The applicants have requested waivers from the following zoning ordinances: no wireless service facilities shall be over 100 feet tall; ground mounted wireless service facilities shall not be more than 20 feet over the tree line within a 50-foot radius of the installation; facilities need to be more than twice the tower’s height away from any building, property line, public road, or public recreational area; any antenna array shall not be more than four feet in diameter; lattice towers are prohibited. A waiver has also been requested for the submission of a formal storm water drainage plan.

Block also said he was concerned about the tower’s potential to accommodate 5G technology, as the research he has done thus far on 5G radiation “scares the living daylights” out of him.

“The tower proposal by Vertex Tower Associates is an attempt to establish a foothold for easy future expansion,” Block said. “… it is in the best interest of Antrim that the board deny this proposal as it far exceeds the town’s zoning ordinances and therefore its citizen.”

Martha Pinello, who identified herself as a former Planning Board member and someone who works for a company that provides environmental site assessments for cell tower locations, also opposed the proposed cell tower’s application due to the number of variances requested.

“I propose that projects that have more than three variance requests – you have to look at a redesign,” Pinelo said. “… The possibility of a cell tower is appealing for our emergency service needs, but the project does not meet the zoning requirements, therefore it needs to be redesigned.”

Parisi said the waivers were all needed in order to satisfy the technological needs of the project.
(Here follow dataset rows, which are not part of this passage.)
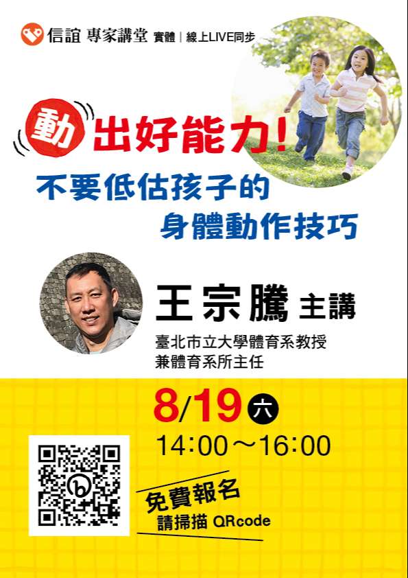 信誼基金會以此為題,於2023年8月19日(六)舉辦【「動」出好能力!不要低估孩子的身體動作技巧】講座,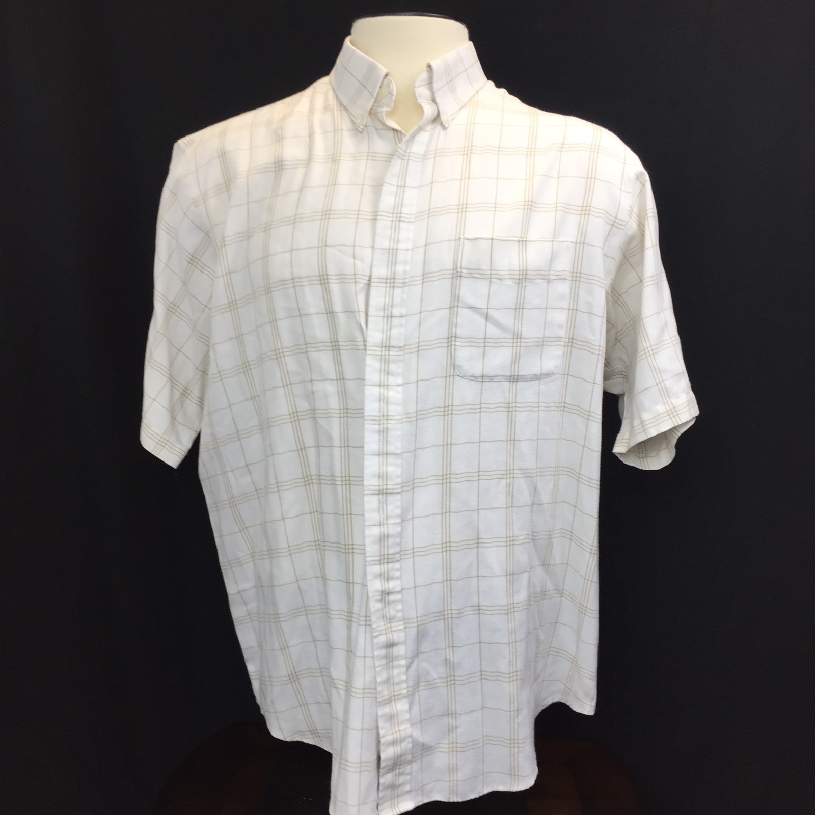 Roundtree & Yorke Men's Brown Stripped Button-up Short Sleeve Shirt, size XL,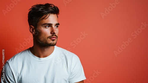 Young man in a white t-shirt poses against a vibrant orange wall in a relaxed setting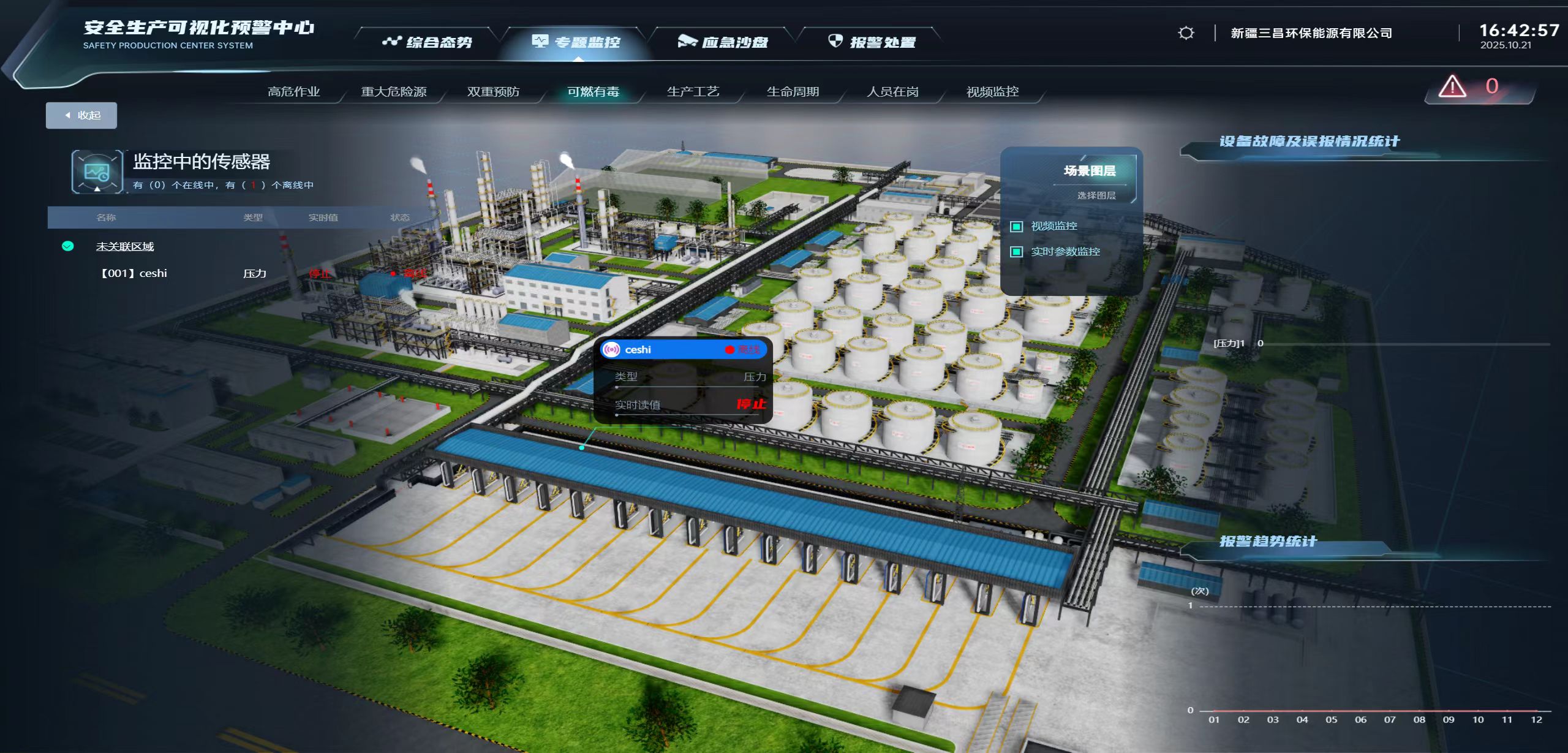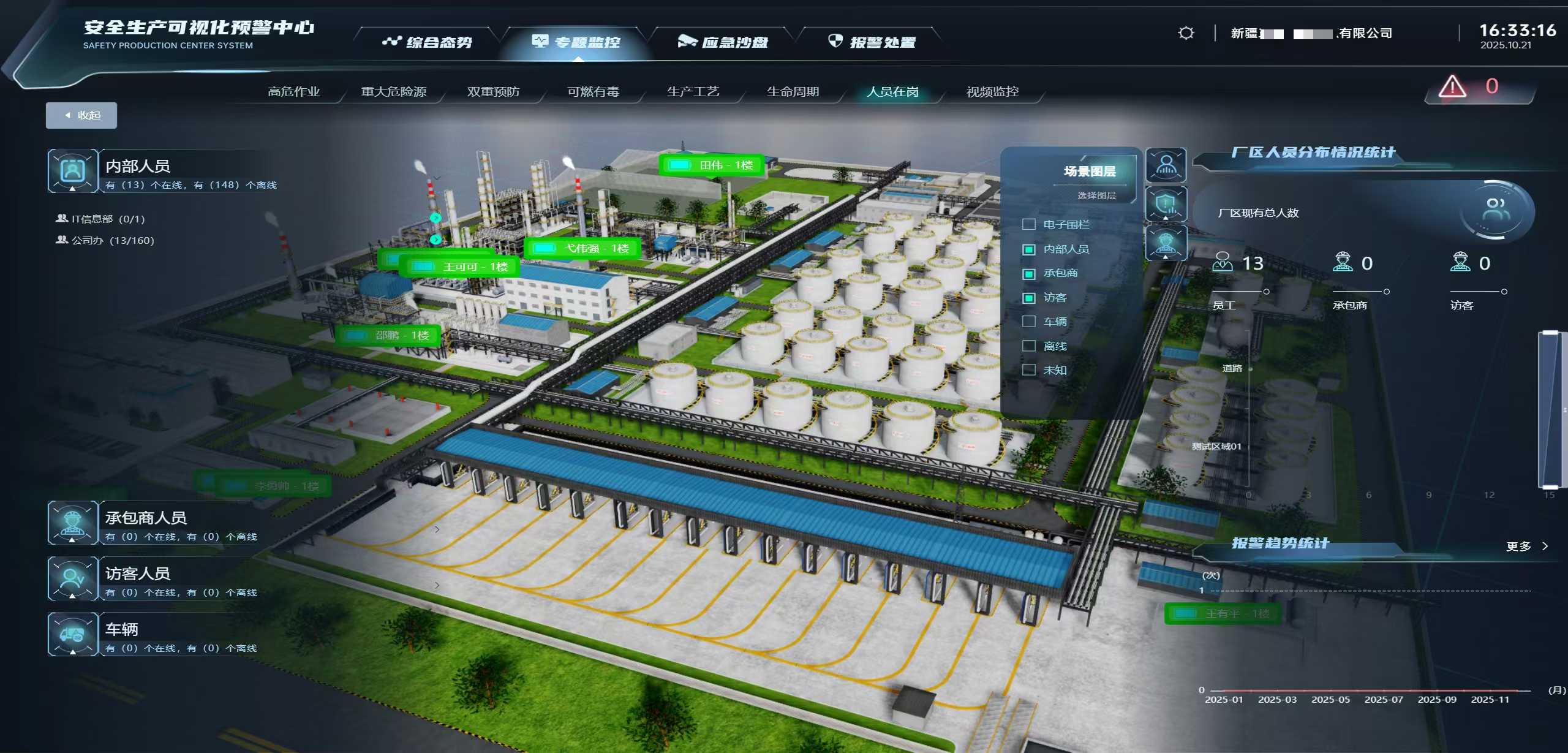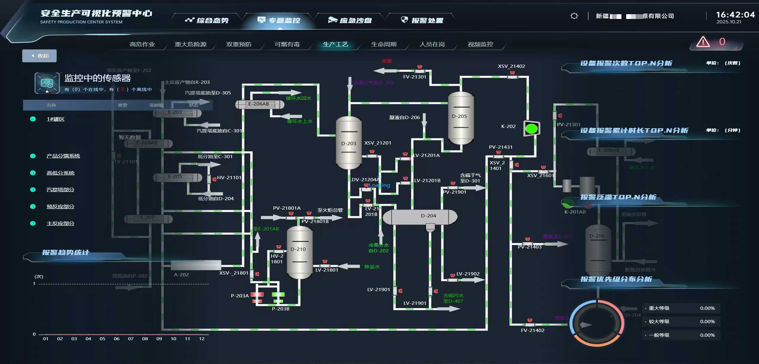动态感知,一图统览:通过物联网技术,平台可实时采集并显示全厂区重点设备、危险工艺环节、环保设施的运行数据及风险点状态,将整个生产基地的安全生产状况动态、直观地呈现于“一张图”上,实现了从被动响应到主动预警的转变。

Concerns about the project’s impact on wildlife – specifically the impact to migratory birds – was brought up, with Parisi saying such a study is required by federal law before the project can be constructed.

Both Police Chief Scott Lester and Fire Chief Marshall Gale spoke to the benefits of the project from a public safety standpoint, though both made a point to say they were not supporting or opposing the project.

“In that corridor, cell coverage is extremely spotty at best,” Gale said. “We respond to numerous incidents in that corridor, so certainly any coverage we could get would be a big improvement.”

Both Gale and Lester said technological advancements are requiring more cell phone reception. Gale said the ambulance’s heart monitors are linked to emergency responders cell phones so the data can be sent directly to the hospital in real time, while Lester said cell phones are starting to more commonly be used by police instead of handheld radio systems.

After more than two hours of discussion the hearing was continued to the board’s next meeting on Jan. 17.